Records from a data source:
>>>>
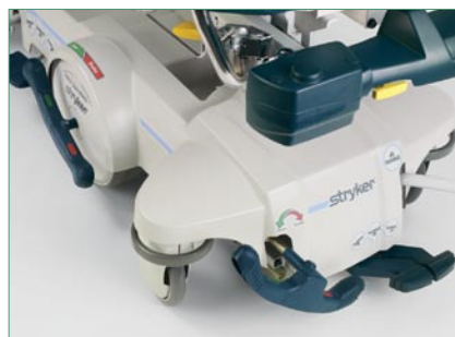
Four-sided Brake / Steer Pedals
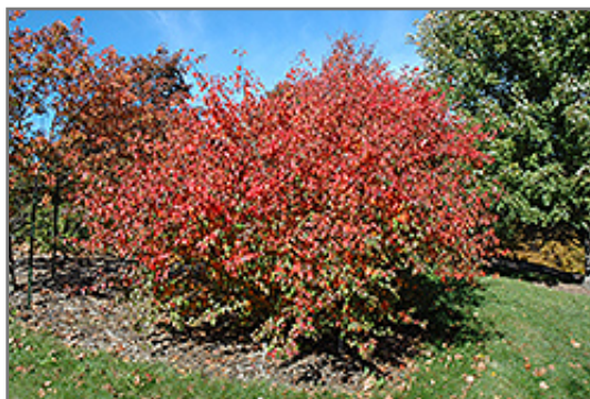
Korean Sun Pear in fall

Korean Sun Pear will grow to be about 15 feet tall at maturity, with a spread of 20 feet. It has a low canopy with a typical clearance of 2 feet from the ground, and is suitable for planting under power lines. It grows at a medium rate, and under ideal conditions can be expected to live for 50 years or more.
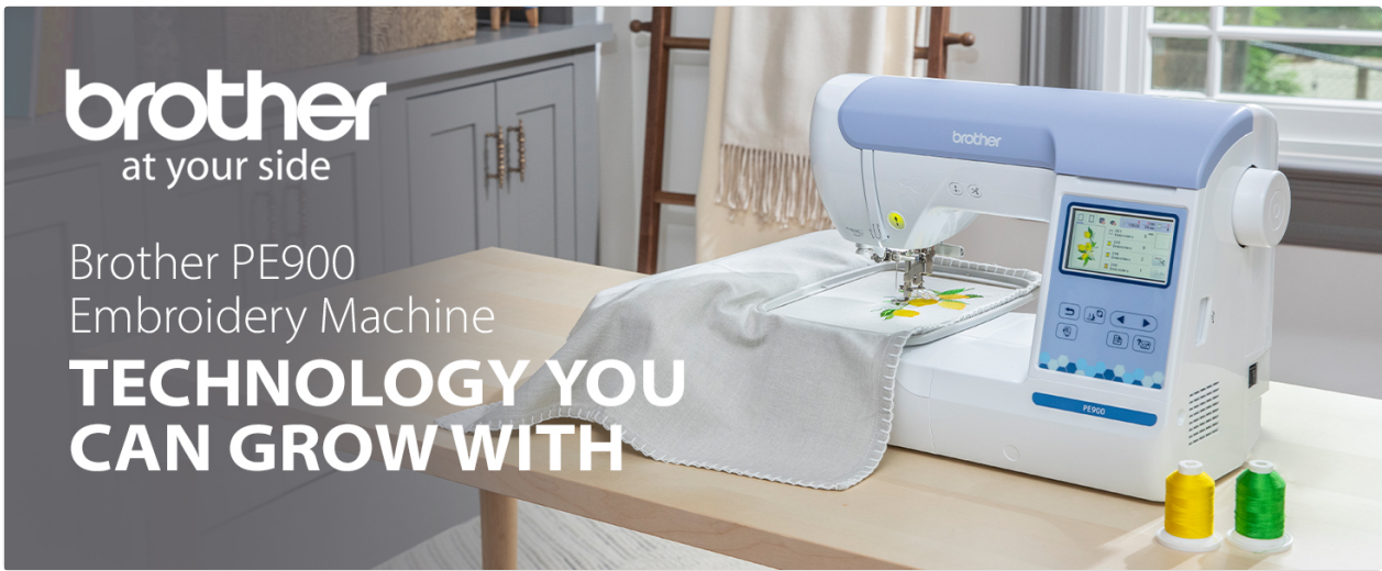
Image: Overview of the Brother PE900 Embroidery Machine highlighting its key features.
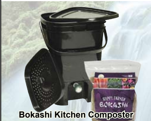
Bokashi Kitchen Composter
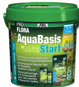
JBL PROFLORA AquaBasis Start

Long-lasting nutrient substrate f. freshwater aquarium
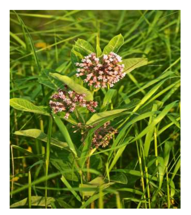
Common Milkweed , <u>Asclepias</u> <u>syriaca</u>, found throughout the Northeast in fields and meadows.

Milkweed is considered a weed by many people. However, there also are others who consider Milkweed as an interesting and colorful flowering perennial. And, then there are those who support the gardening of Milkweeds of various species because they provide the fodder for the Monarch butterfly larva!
<<<<
What is being asked: From the data above, return exactly the lines from the one with "Image: Overview of" up to and including the one with "Common Milkweed , <u>Asclepias</u>". Pictures do not go in the copy.

Exercise answer:
Image: Overview of the Brother PE900 Embroidery Machine highlighting its key features.
Bokashi Kitchen Composter
JBL PROFLORA AquaBasis Start

Long-lasting nutrient substrate f. freshwater aquarium
Common Milkweed , <u>Asclepias</u> <u>syriaca</u>, found throughout the Northeast in fields and meadows.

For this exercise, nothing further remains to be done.